Dans son nouveau roman, le Croate Jurica Pavičić décrit les conséquences d’un meurtre sordide : l’enquête policière bien sûr mais aussi la dislocation d’une famille dont le quotidien va être bouleversé par cet événement. A ne rater sous aucun prétexte.
Mater Dolorosa, le quatrième roman de Jurica Pavičić traduit aux éditions Agullo, s’appuie sur un schéma narratif, a priori, on ne peut plus traditionnel. Le corps d’une adolescente a été retrouvé dans une usine désaffectée. L’enquête est confiée à un trio de policiers, parmi lesquels Zvone, dont on va suivre pas à pas le travail. Rien de très original donc, mais Pavičić a aussi choisi de s’intéresser à une famille dont la vie va être totalement bouleversée par le meurtre de la jeune fille.
A vingt-cinq ans, Inès vit avec sa mère, Katja, et son frère Mario. Elle travaille à la réception d’un hôtel de Split, tandis que Katja fait des ménages et s’occupe de l’appartement où ils vivent tous les trois depuis la mort du père quelques années plus tôt. Quant à Mario, rien ne semble intéresser ce jeune homme placide et inexpressif. Pourtant, alors que la découverte du cadavre de Viktorija scandalise la population et les médias, un doute va s’installer dans l’esprit de Katja et celui d’Inès : et si Mario avait quelque chose à voir avec cet horrible meurtre ?
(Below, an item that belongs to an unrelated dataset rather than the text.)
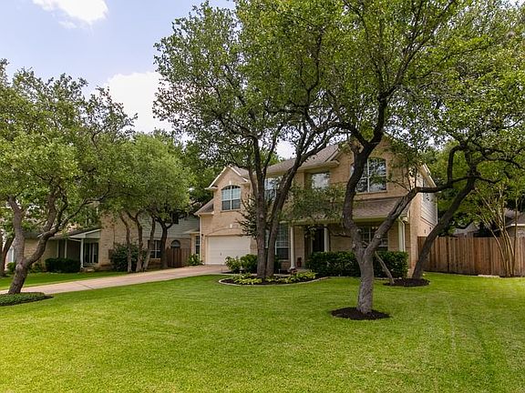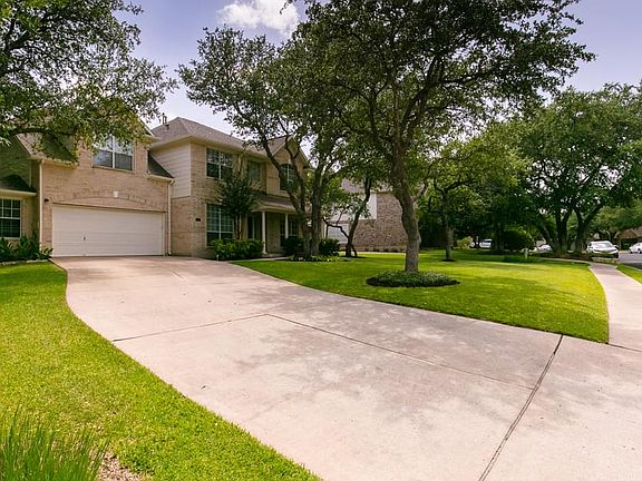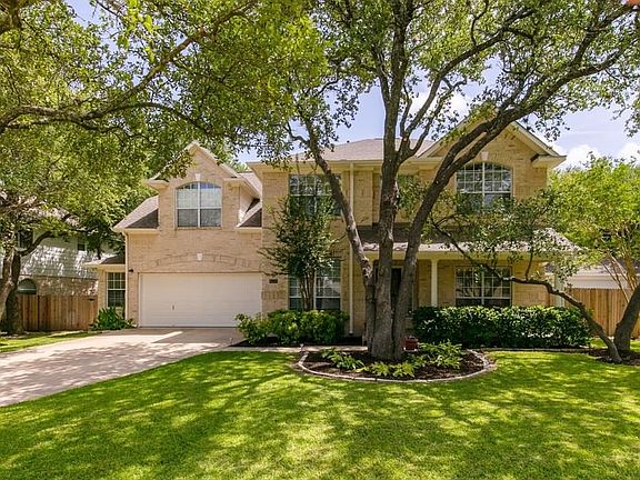 Fantastic curb appeal! This 4 bedroom, 3 bath home with 3032 square feet is surrounded by mature trees and lush landscaping! Gorgeous details are featured such as arched doorways, niches for artwork and media, French doors, crown molding, and a custom glass front door. The living room is spacious with huge windows, entertainment center built-ins, fireplace with glass tile backsplash, and an open layout to the kitchen and dining room space. The stunning updated kitchen includes a center island, custom cabinets, white subway tile backsplash, honed granite counters, and stainless steel appliances. There is very large flex space upstairs. All of the bedrooms including the en suite master are also expansive with soaring ceilings. The master bath offers granite counters, a granite vanity/desk area, garden tub, and walk-in shower. Updated laminate floors throughout. Central AC. Separate laundry room. Newer roof. The garage has great storage space and its walls and floor have just been re-painted. There is a pool, park, and water/play area for the kids. HOA $36.67/mo and includes amenities, common areas, parks, pools, trails, maintenance, and community center. The elementary school and pool are within walking distance, and there are trails that lead to the Brushy Creek Trail System. Quick access to I 35, Parmer and Toll 45. This is a lovely and special home! Make it yours for years to come. Schedule a showing with REX today!

A partir de cette idée passionnante, Jurica Pavičić tisse un roman qui va alterner les points de vue. Se faisant, il construit notamment un personnage de flic assez singulier : Zvone, policier consciencieux mais effacé et sans doute un peu terne (ses collègues la comparent à de la gélatine…). Il mène l’enquête avec rigueur mais reste un peu dans l’ombre de Tomaš, son supérieur. En parallèle, Pavičić brosse deux portraits exceptionnels de ses personnages féminins. Inès, jeune femme à l’avenir un peu bouché, va devoir affronter les terribles doutes qui l’assaillent à mesure que la presse dévoile le profil du tueur présumé. Comment faire face à cette idée qui s’installe dans son esprit : son petit frère, qu’elle aime tant, est peut-être un meurtrier. Dès lors toutes ses certitudes s’écroulent et cela intervient au moment même où elle doit affronter ses propres problèmes personnels. Enfin, il y a Katja qui réagit bien différemment. L’amour qu’elle porte à son fils est inconditionnel, ce qui signifie qu’elle est prête à tout pour le protéger. Car une mère qui souffre est capable de tous les sacrifices.
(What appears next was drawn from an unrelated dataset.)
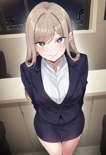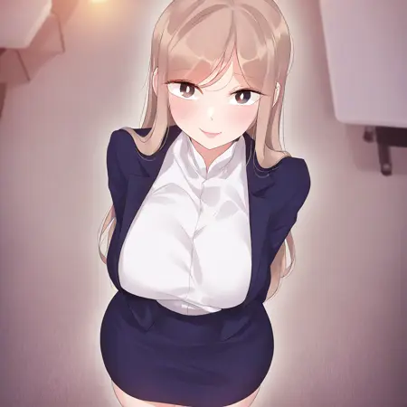 5b. ((正式,高领白色衬衫,性感蓝色铅笔裙,性感白色内裤,)) + 性感白色文胸

La grande idée au centre du roman de Jurica Pavičić consiste donc à s’intéresser non pas au coupable ni même au suspect, mais à ses proches. L’enquête policière, qui reste passionnante car Pavičić maintient longtemps le doute, se double donc un drame familial poignant et déchirant. On s’attache évidemment à ces personnages que le romancier fait vivre sous nos yeux et qui restent parfaitement crédibles, de la première à la dernière page. On doute avec eux et l’on s’émeut de leurs souffrances.
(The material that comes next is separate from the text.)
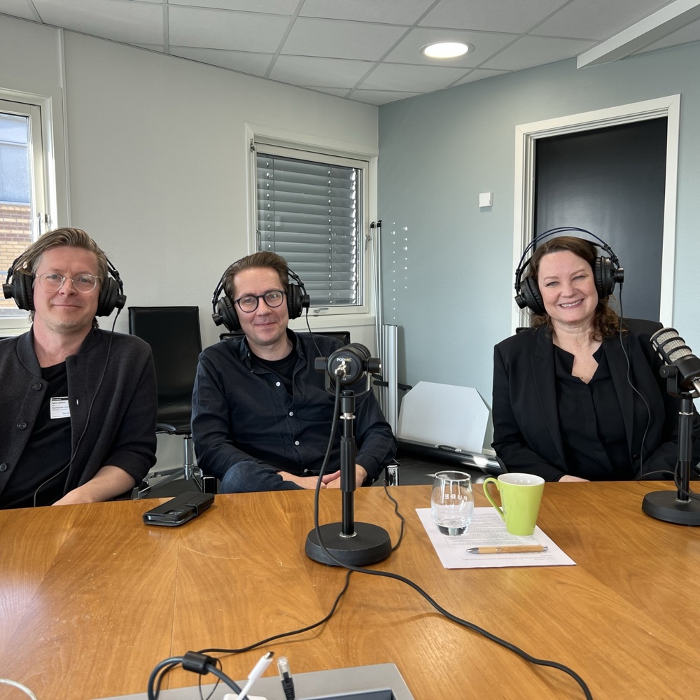Halvor Weider Ellefsen (AHO), Vigleik Winje (Karmøy kommune) og Rina Brunsell Harsvik (Norconsult) spør «Hva er en by?» i Norconsults podkast Prosjektkontoret. Foto: Norconsult

Mater Dolorosa s’impose donc comme un grand roman noir par sa capacité à exprimer les tourments mais aussi par son évocation d’une société qui ne se porte pas très bien. A travers la ville de Split, ville touristique qui plonge ici dans l’hiver, et de ses habitants, Jurica Pavičić dépeint une Croatie malade et qui porte encore les stigmates de la guerre. Si Svone est un flic intègre, la corruption gangrène quelques-uns de ses collègues. Les usines désaffectées tombent en ruines à quelques kilomètres seulement des hôtels qui accueillent les touristes venus du monde entier. Le poids de la religion écrase encore les plus anciens et les inégalités sont manifestes… Pour autant, le romancier évite les clichés et préfère la nuance : il ne condamne pas, ne porte pas de jugement hâtif. Et le regard qu’il porte sur ses personnages et son pays reste profondément humain.
Mater Dolorosa est une vraie réussite qui confirme que son auteur est l’une des plus belles voix du polar contemporain. A ne rater sous aucun prétexte.